__WHAT YOU WILL DO__
Return the line containing "在落实常态化疫情防控工作中,定远县市场监" together with every later line up to the end of the records, exactly and with no pictures; return nothing else.

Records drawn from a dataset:

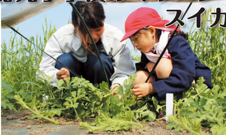
教わりながら丁寧に作業をする児童

JAは徳光小学校で開催しているめぐりスクールの第2回・3回目のスイカ栽培作業を4月14日・28日に開催しました。児童・先生・行政・市場関係者・JAなど約30人が参加、14日は整枝誘引作業（余分な脇芽や枝を取り除き、芽を同じ
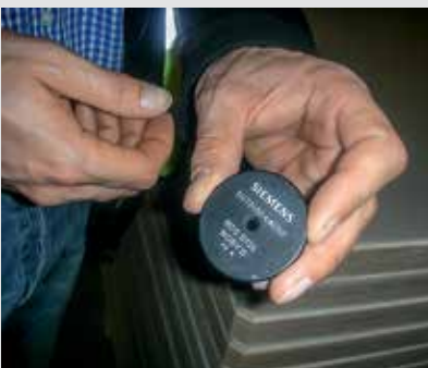
RFID Tags zum Einbau in die Unterlagsplatten: Die Tags haben eine feste einzigartige Nummer, über die das Brett eindeutig identifiziert werden kann.
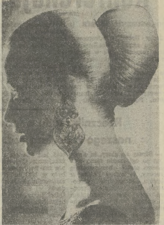
JEDEN z największych fryzjerów naszych czasów ciągle pozostaje na szczycie. Jego umiejętności, talent i artystyczny zmysł nieustannie frapują oglądających jego dzieła. Indywidualny styl Alexandre'a sprawił, że czterech wielkich kreatorów mody zamówiło u niego fryzury dla swych wiosennych i letnich kolekcji 1989.

Zasadniczym elementem, składającym się na całość kobiecej sylwetki jest makijaż. W każdym calu jest on tego roku dostosowany do typu wyznaczonego przez strój. Także proste, nieskomplikowane, także mało rzucające się w oczy. Oczywiście podkreślone ołówkiem lub ewentualnie pastelowym cieniem, białej podkład i puder, prawie w ogóle nie zaznaczone policzki — róż trzeba będzie więc odłożyć zupełnie albo używać bardzo delikatnie.
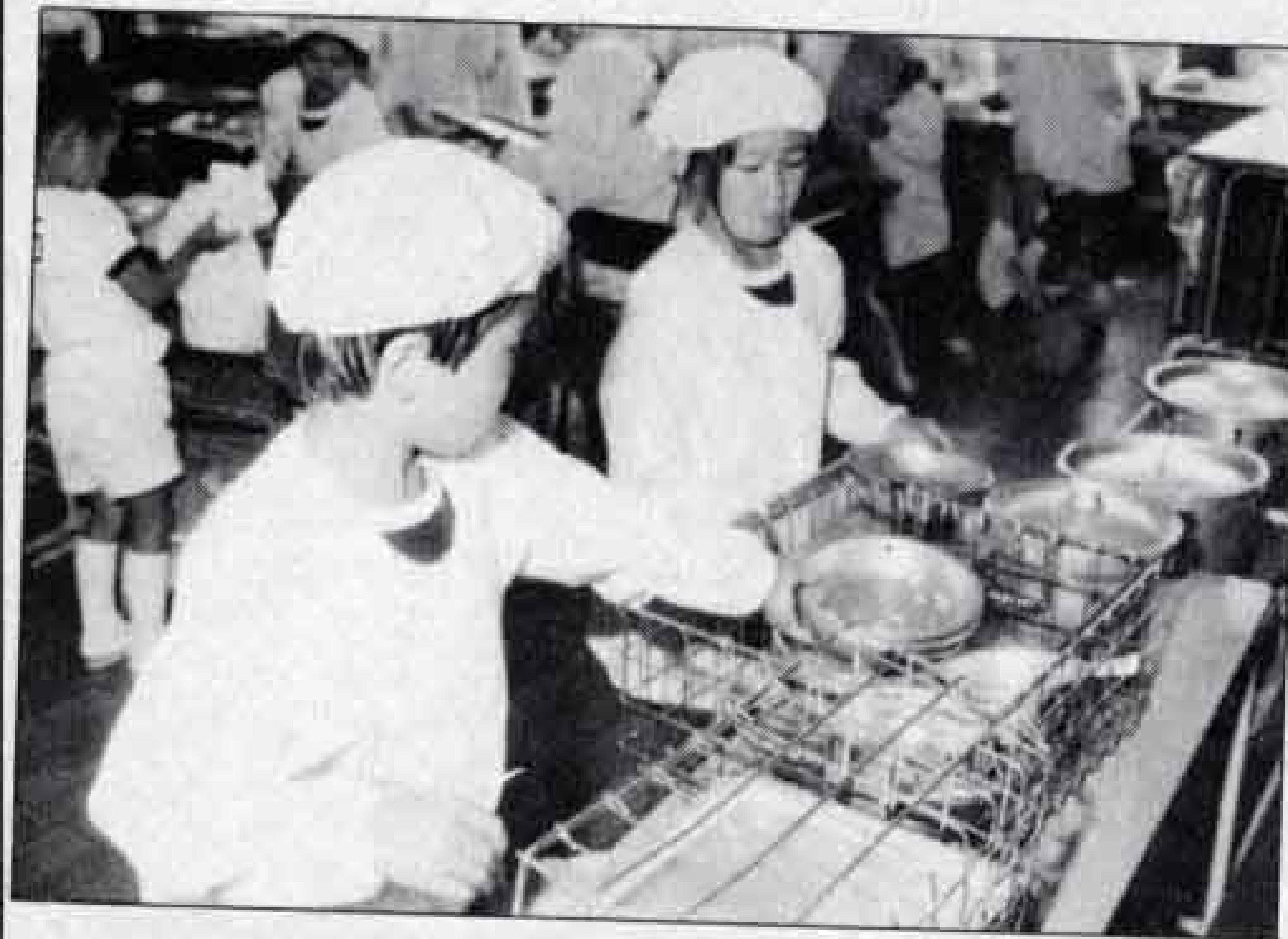
食べたあとはきちんと片づけます
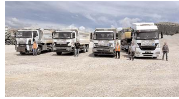
Belediye afet bölgesine 3 adet kamyon ve 1 adet ekskavatör ile 4 personel gönderdi.
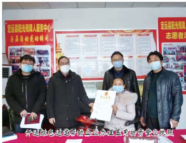
组织县总药械企业办过三月的安全月我

在落实常态化疫情防控工作中,定远县市场监督管理局紧抓后续工作不放松,对公共场合以及相关药品销售工
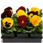
Autumn Blaze Mixture
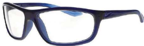
ES-NRA-410 (ミッドナイトネイビー&パシフィックブルー)
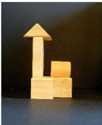
Vue côté rouge
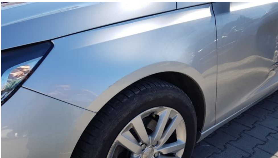
Fot. 43. Błotnik PL - zarysowanie
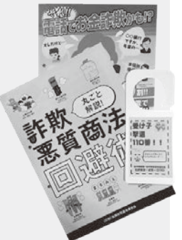
グッズも活用しよう

体的な詐欺内容を地域づくりセンター入口に掲示するほか、「詐欺の詳細を知らせる出前講座」「蟻ヶ崎高校書道部に依頼し、啓発文の掲示」などを実施しています。
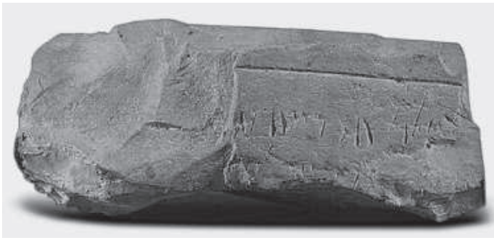
FIG. 9. La dedica effettuata da una seva di Venere Ericina a Capo Sant'Elia, Cagliari.
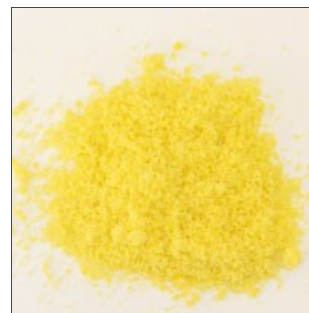
Однородный измельченный продукт

__EXPECTED OUTPUT__
在落实常态化疫情防控工作中,定远县市场监督管理局紧抓后续工作不放松,对公共场合以及相关药品销售工
Autumn Blaze Mixture
ES-NRA-410 (ミッドナイトネイビー&パシフィックブルー)
Vue côté rouge
Fot. 43. Błotnik PL - zarysowanie
グッズも活用しよう

体的な詐欺内容を地域づくりセンター入口に掲示するほか、「詐欺の詳細を知らせる出前講座」「蟻ヶ崎高校書道部に依頼し、啓発文の掲示」などを実施しています。
FIG. 9. La dedica effettuata da una seva di Venere Ericina a Capo Sant'Elia, Cagliari.
Однородный измельченный продукт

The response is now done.